POISONING

Symptoms. As a rule the poisons that fowls eat are mineral. The most pronounced symptom is evidence of pain. In cases of arsenical poison there is diarrhea. A poison containing a copper compound acts partly as an emetic, causing the fowl to make an effort to vomit. In cases of mineral poisons, post-mortem examinations show inflammation of the stomach and the digestive tract.

Sources of poison. Poultry are likely to get poisoned from the following sources:

Fertilizers (e. g., nitrate of soda) used on fields in which fowls scratch for food. Such cases are rare.

Insecticides and fungicides (e. g., Paris green [arsenic], lead arsenate, Bordeaux mixture) applied to plants under which fowls run. If sprays are mixed in correct proportions and used in normal quantities, there is little danger to poultry feeding on the grass below sprayed trees. Great care should, however, be taken in disposing of the sediment and the residue after spraying operations are completed.
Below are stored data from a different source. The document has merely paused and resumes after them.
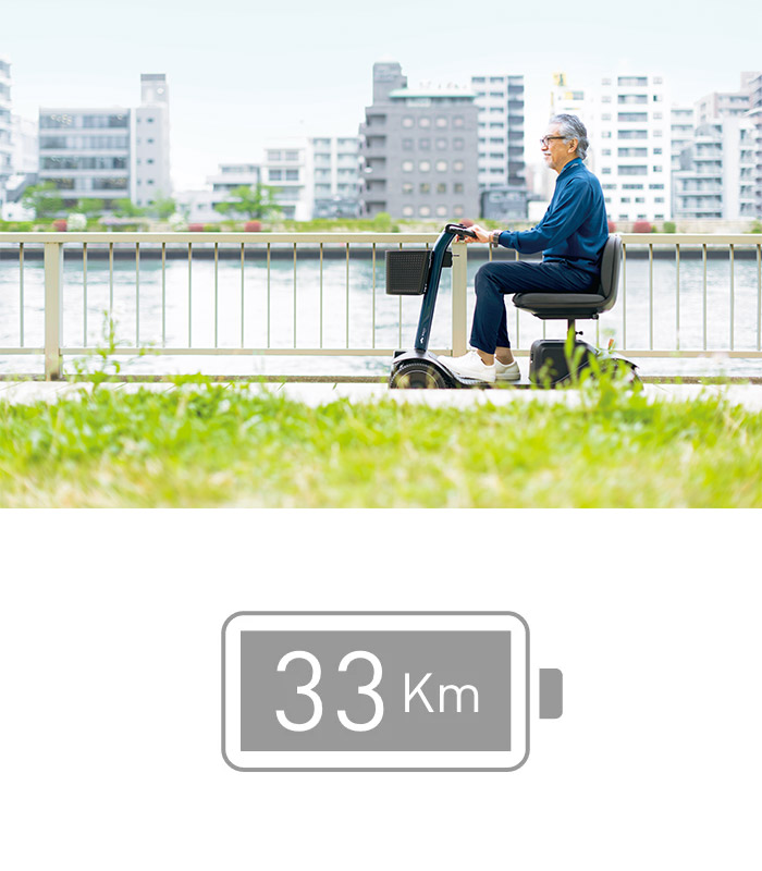 大容量のバッテリー *走行可能距離はJIS T 9208:2016で定められた条件で測定した値です。走行可能距離は使用環境や操作方法等により変化します。 -
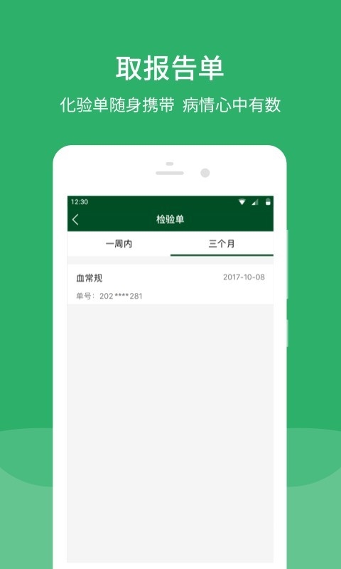 7.取报告单:用户可以提前通过APP获取化验结果报告单,提高了解诊断结果的速度。
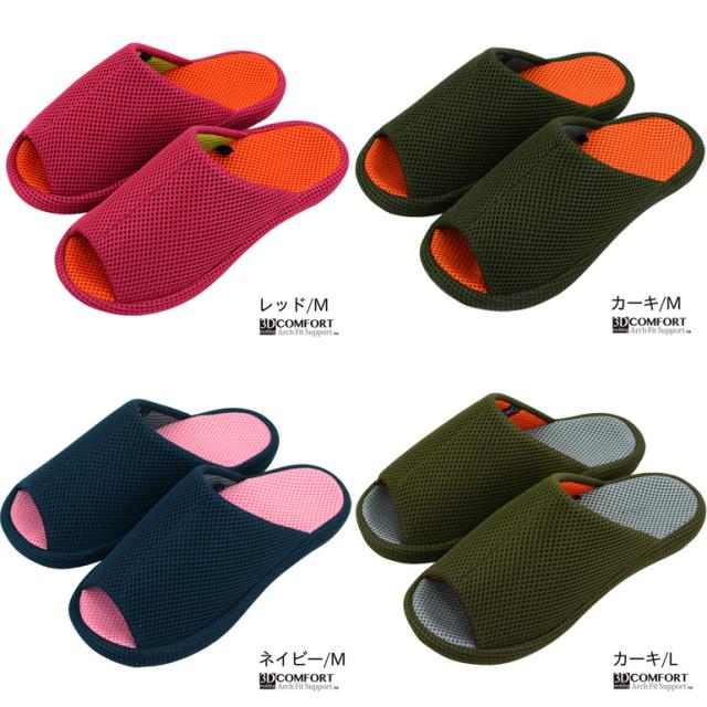 3D COMFORT スリッパ スポーツテイスト オールメッシュ NDAA7906-07 3Dコンフォート (ok-3ds8900) ラッピング無料 足にぴったりfit おしゃれ ルームシューズ 健康スリッパ 健康サンダル オールシーズン 快適 メッシュ素材 脚革命スリッパ agesugi_snk

Rat poisons (e. g., phosphorus, strychnine, baryta). These poisons are particularly dangerous when mixed with cornmeal or other bait attractive to fowls. The best way to set rat poison is to put it in a piece of piping of such a diameter and length that fowls cannot reach it.

Salt. Food mixed with salt for other domestic animals may be accidentally given to fowls. Chickens are the most likely to be poisoned by excess of salt.

Treatment. If fowls have eaten poisonous substances, the fact is not usually discovered until after death or until it is too late to administer an antidote. Most of the poisons fowls are likely to eat act as irritants of the digestive tract. Milk and white of egg should be given. It is advisable to give a stimulant, such as half a teaspoonful of brandy.

PYÆMIA
Not contagious, and not common

Symptoms. This disease cannot be diagnosed except by post-mortem examination and microscopic identification of pus-forming organisms in the infected areas (whitish spots) of liver, spleen, etc.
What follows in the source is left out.